Which pleased her greatly. “Er…that would be a no?”
“Yeah. A no. A definite no—and let me guess your next question. Do I have a steady woman in my life?”
She was grinning again. “Yep. That would be it.”
“That’s a no, too.”
“Well.” She put her arms down on the blankets again. “Okay, then. Were you ever married?”
“Never. Too busy making something from nothing. Serious relationships just didn’t fit into the equation.”
“You’re career-driven?”
“I guess one of these days I’ll have to slow down and get a life. But I like what I do.”
“What about…a high school sweetheart?”
A brief silence, then, “High school. Now, that was a long time ago.”
She realized she didn’t know his age. “You’re how old?”
“Thirty-two. And as I think I told you, when I was growing up, we moved around a lot—no chance to fit in. I dated now and then. It never went anywhere.”
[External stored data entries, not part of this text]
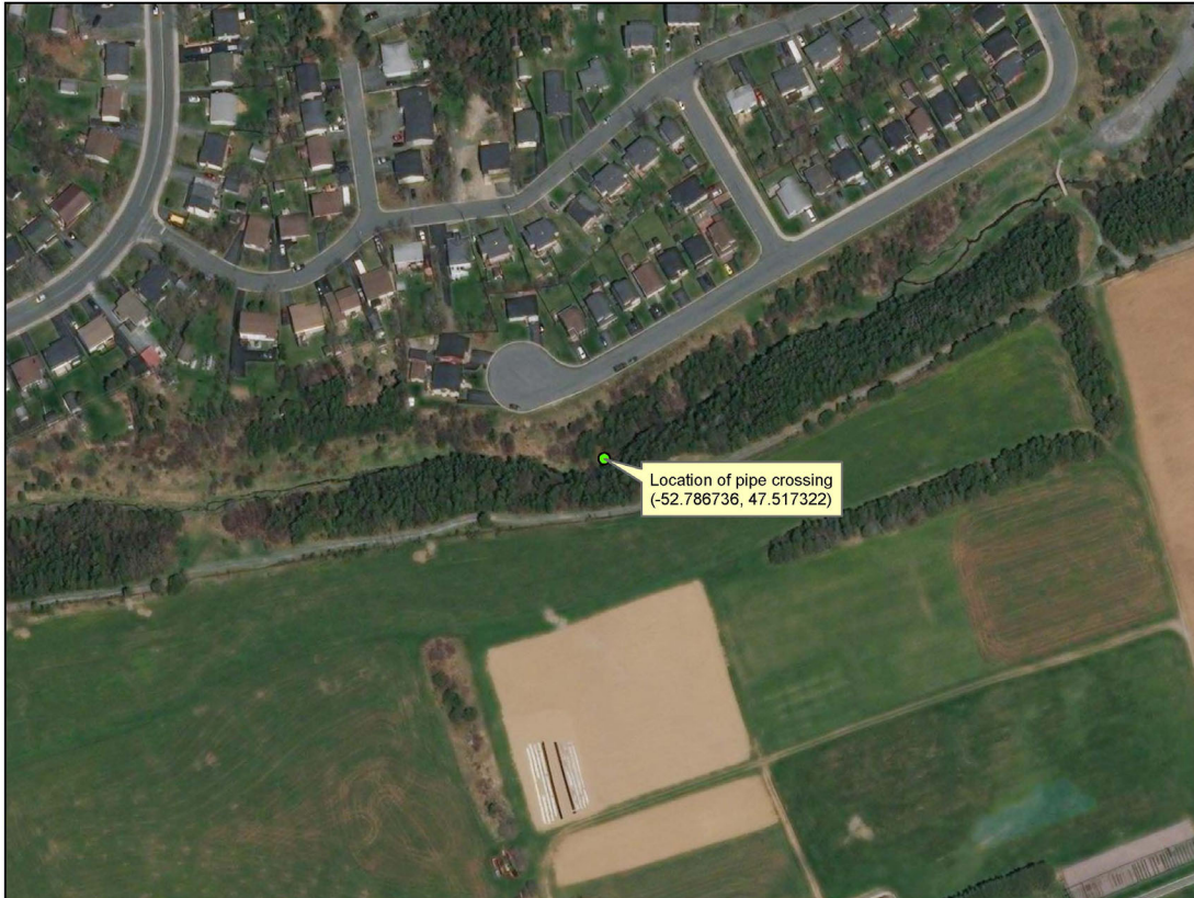
Pipe crossing in small tributary to the North of Flynn's Brook
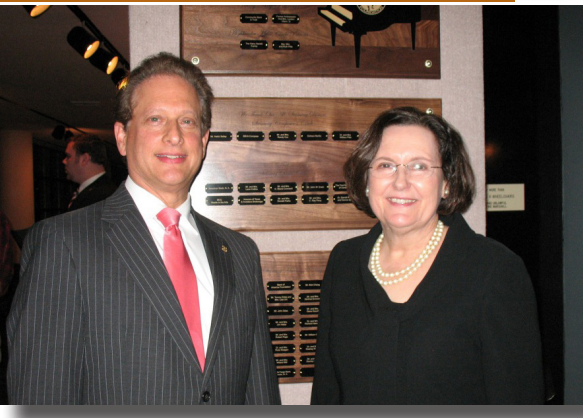
While the All-Steinway Campaign draws to a close, we still welcome additional gifts to support the ongoing maintenance of these quality instruments. If you would like to contribute, please contact the MCC Foundation at 299-8606.
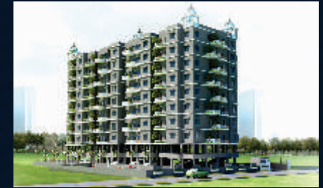
AXISA 1 & 2 BHK SMART HOMES @ KIWALE-RAVET
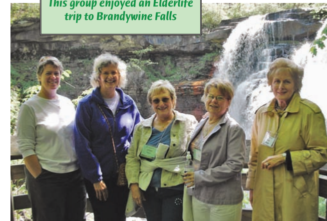
This group enjoyed an Elderlife trip to Brandywine Falls

Social Justice Committee Green Committee
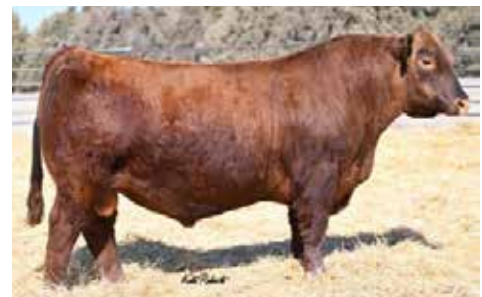
Just N Time 714J / Sire of Lot 33
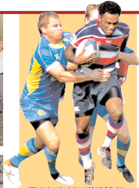
A Malaysian player makes a break successfully in the Carlton Asian Sevens Cup championship semifinal match against Kazakhstan
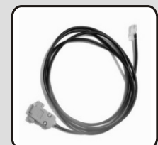
Receiver Programming Cable Pc15
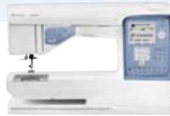
SAPHIRE™ 875 QUILT
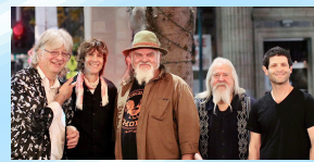
June 15 The Jones Gang high-octane Americana
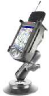
RAM-B-148-CO1 HP IPAQ HOLDER WITH SUCTION CUP
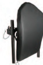
J3® PL E2615
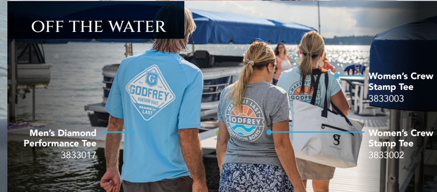
Men's Diamond Performance Tee 3833017
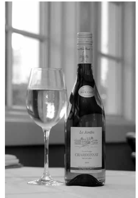
Le Jardin Cuvée Prestige

Le Jardin Cuvée Prestige is now available by glass and bottle to restaurant guests and will also sell retail by the case or bottle. The Bijou Cafe is located at 1287 First Street, Sarasota. Call 941-366-8111 or visit www.bijoucafe.net .
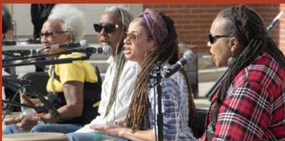
Gaye Adegbolola & The Wild Rutz, 2017
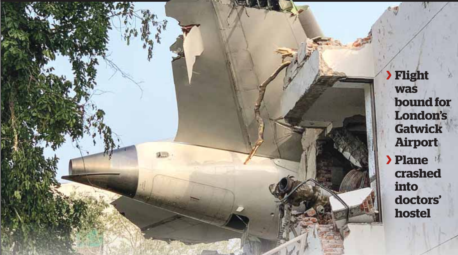
Reuters Ahmedabad, India

Bodies of 265 people were counted when an Air India plane bound for London crashed minutes after taking off from the western city of Ahmedabad yesterday, authorities said, in the world's worst aviation disaster in a decade.
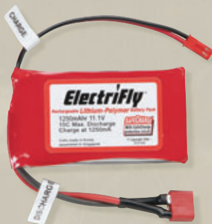
1250mAh 11.1V 3-Series LiPo Battery Pack (GPMP0823)
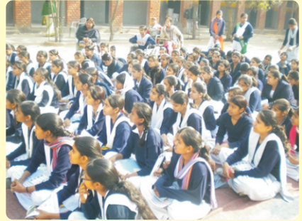
Seminar in East Delhi Secondary School girls on HIV/AIDS
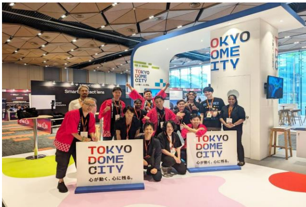
Tokyo Dome Team at Exhibition Booth
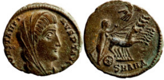
830 Roman Imperial coin 14mm 1,36g
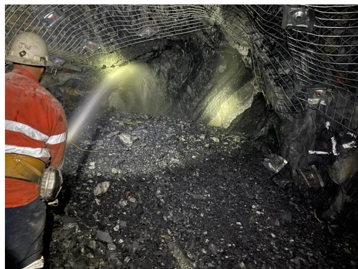
Figure 1 –Lady Belmore Reef being charged up and hosing down the ore (post blasting).
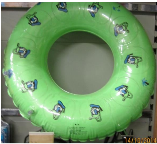
Swim ring – no warning
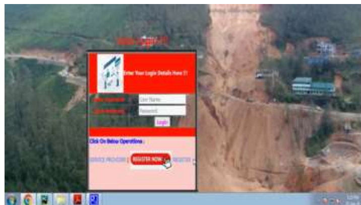
Figure 10: User Login Page
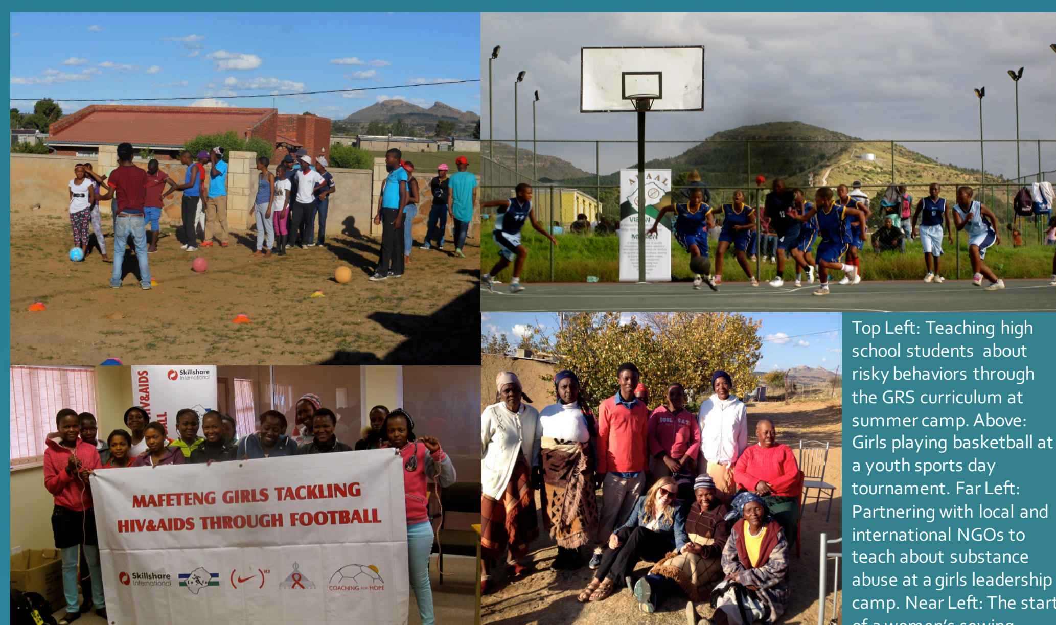
Top Left: Teaching high school students about risky behaviors through the GRS curriculum at summer camp. Above: Girls playing basketball at a youth sports day tournament. Far Left: Partnering with local and international NGOs to teach about substance abuse at a girls leadership camp. Near Left: The start of a women's sewing group in my village.

“You make yourself sound like a lonely guy.”
He grunted. “No need for a pity party. There have been women, just not anything too deep or especially meaningful.”
There have been women…
Well, of course there had. He had those compelling good looks. That kind of dangerous, mysterious air about him. A lot of women really went for the dangerous type. And yet, he could be so charming, so open, about himself and his life. And then there was the way he could kiss…
Katie slipped her hand up, to touch her lips, remembering.
Oh, yes. A guy who could kiss like that would have had some practice.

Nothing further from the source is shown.